Viewers will see, when the film opens and then after it ends, that what’s going on in this lively, light-footed lark is based (somewhat) on something very serious—namely, a dangerous rise of fascism after World War I, which eventually seeded the horrors of Nazi Germany, the Holocaust and another world war. On that level, Amsterdam is a cautionary tale about extremists and anarchists looking to overthrow the government and subvert America’s democratic process—“patriots” who would sabotage the election process to install their own dictator-like leader. You only need one eye to see the contemporary parallels with today’s political turmoil.

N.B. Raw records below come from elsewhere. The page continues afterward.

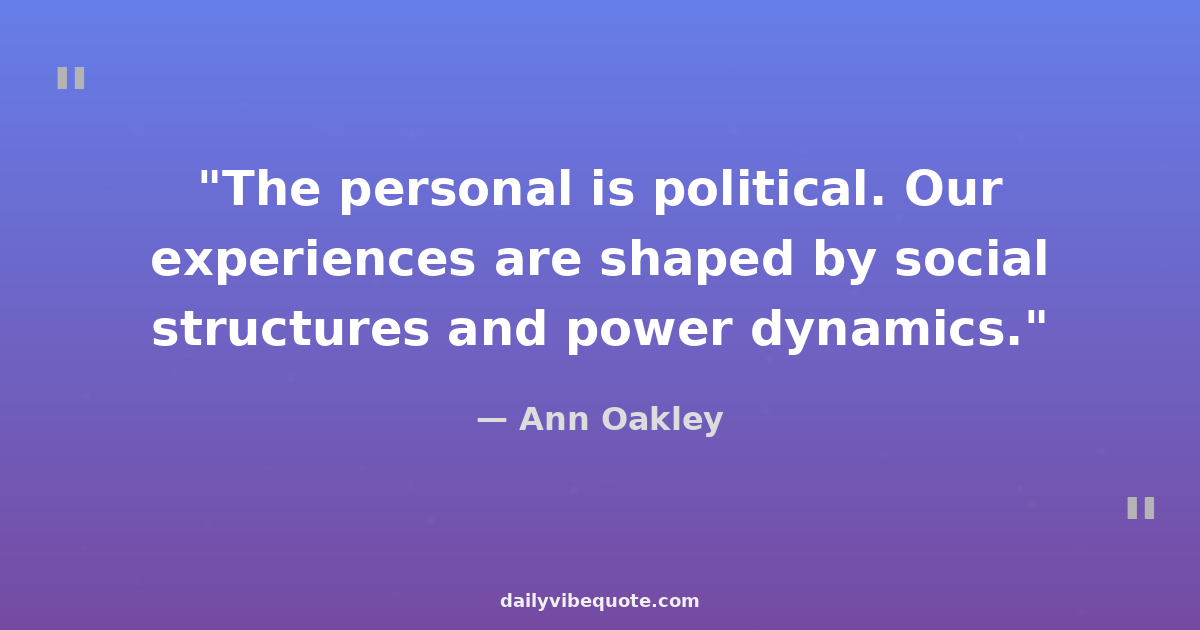"The personal is political. Our experiences are shaped by social structures and power dynamics."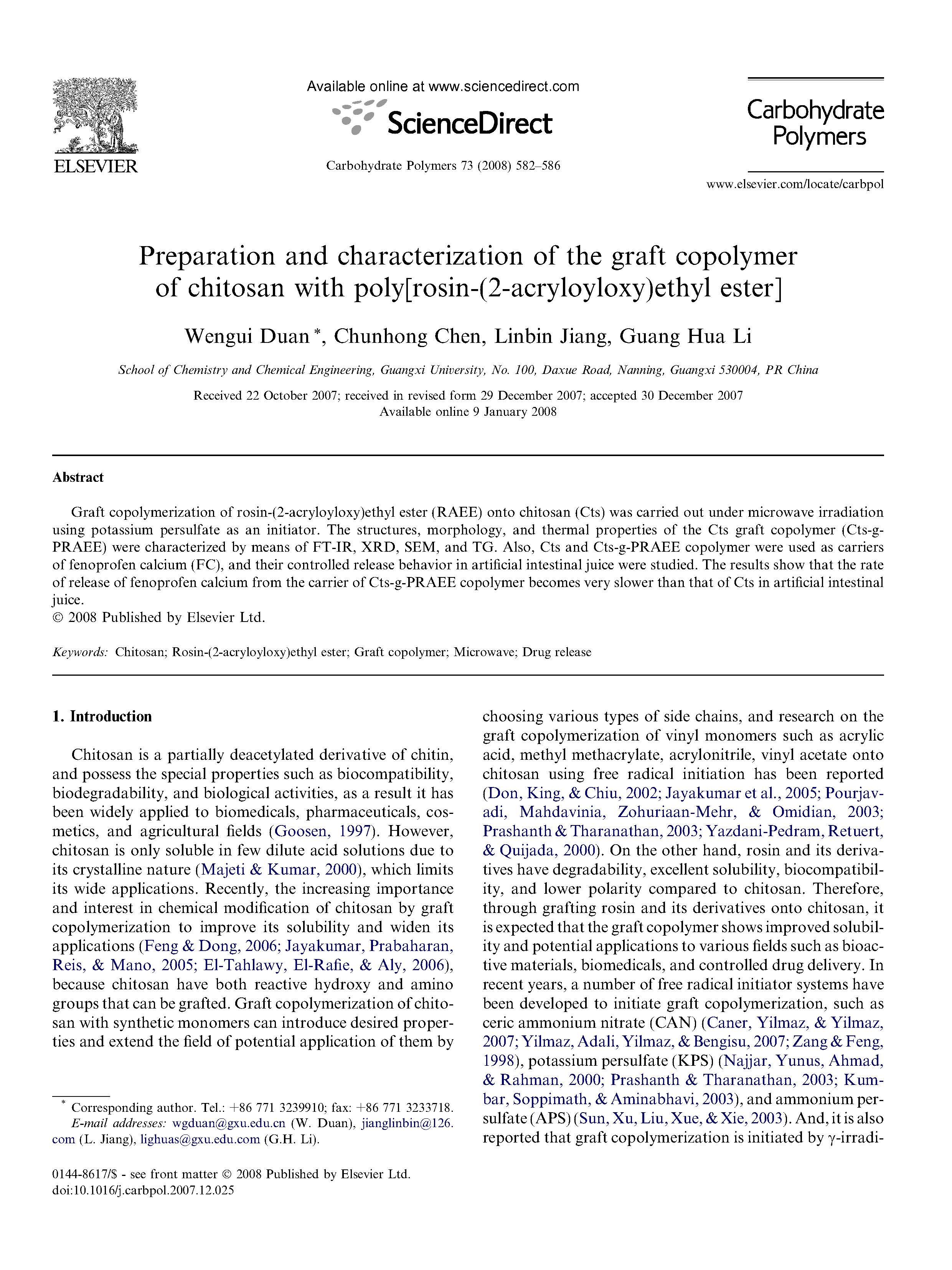 這篇由廣西大學(xué)等的研究學(xué)者完成,討論殼聚糖與聚[松香 - (2-丙烯酰氧基)乙酯]接枝共聚物的制備與表征的論文,發(fā)表在二區(qū)重要期刊《Carbohydrate Polymers》,影響因子:5.158。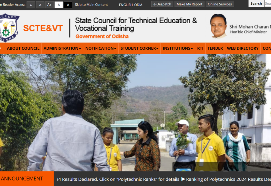 The State Council for Technical Education and Vocational Training (SCTE&VT) council is responsible for overseeing and managing technical education and vocational training in the state.The portal aims to provide a comprehensive resource for students, educators, and institutions involved in technical and vocational education in Odisha.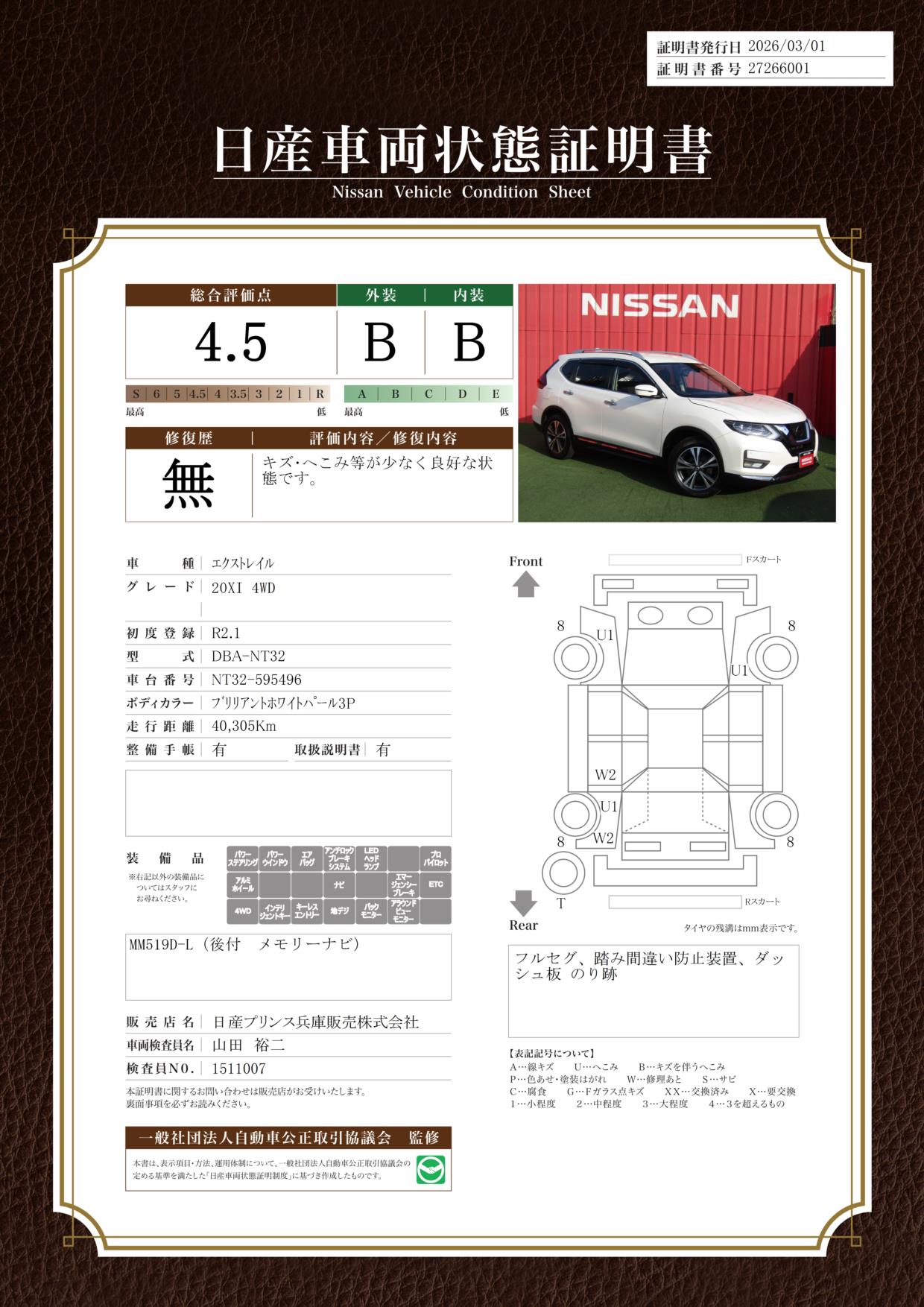 現状括弧書き内の年月まで車検有効期限が残っていますが、ご成約時に新しく車検を取り直します。なお取り直しの費用は車両価格に含まれています。
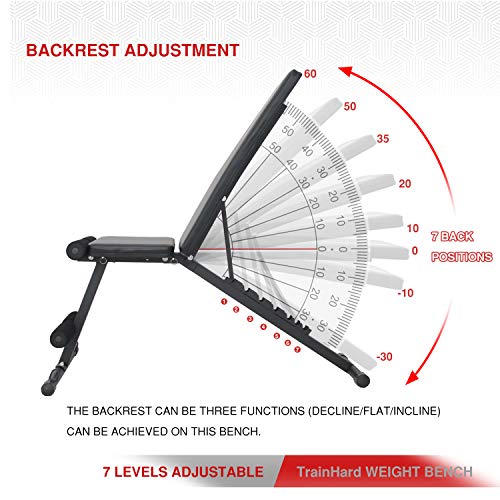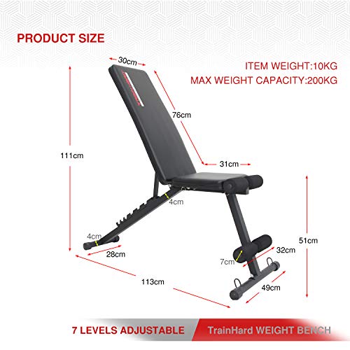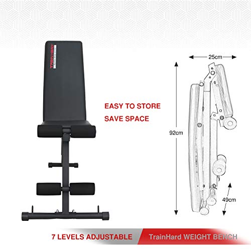 TrainHard Verstellbare Klappbare Hantelbank, Multifunktion Trainingsbank – Schrägbank – Bauchtrainer – Flachbank – Gerade/Schräg/Negativ- Geeignet für Einsteiger für Zuhause bis 200 kg Belastbar

Director Russell love star-packing his movies, including American Hustle, Silver Linings Playbook and Joy. This one reunites him with a couple of his favorite actors, Bale (who also appeared in American Hustle and The Fighter) and De Niro (also in Hustle, plus Playbook and Joy). Both screen veterans provide eccentric anchors for the colorful tale as it spins and weaves its rich tapestry of parasitic cuckoo birds, Aryan supremacy, Black history, American fascists, eugenics, high-ranking corruption and fat-cat industrialists, drawing them all into its dark-comedy swirl. It’s Robbie, however, who becomes the story’s heart-and-soul centerpiece, with her character reminding us that we’re all damaged in some way, everyone is hurting inside or out, and kindness, not hate, is the balm for our wounds, our scars and our brokenness.

At one point, she, Burt and Harold perform a French song, a little ditty that a puzzled listener has troubling following. “It’s not supposed to make sense,” Valerie says. “We just made it up.”

This mostly made-up period frolic has a kernel of harsh historical truth at the center of its merrily crowded, retro-rollicking tale of friendship, bonds that last a lifetime and places in the heart—not to mention extinct birds, body parts as reappropriated art, and an ensemble of endearing oddballs. It’s a lot, but it’s also a lot of frisky fun.

Just try to hold on to your glass eye.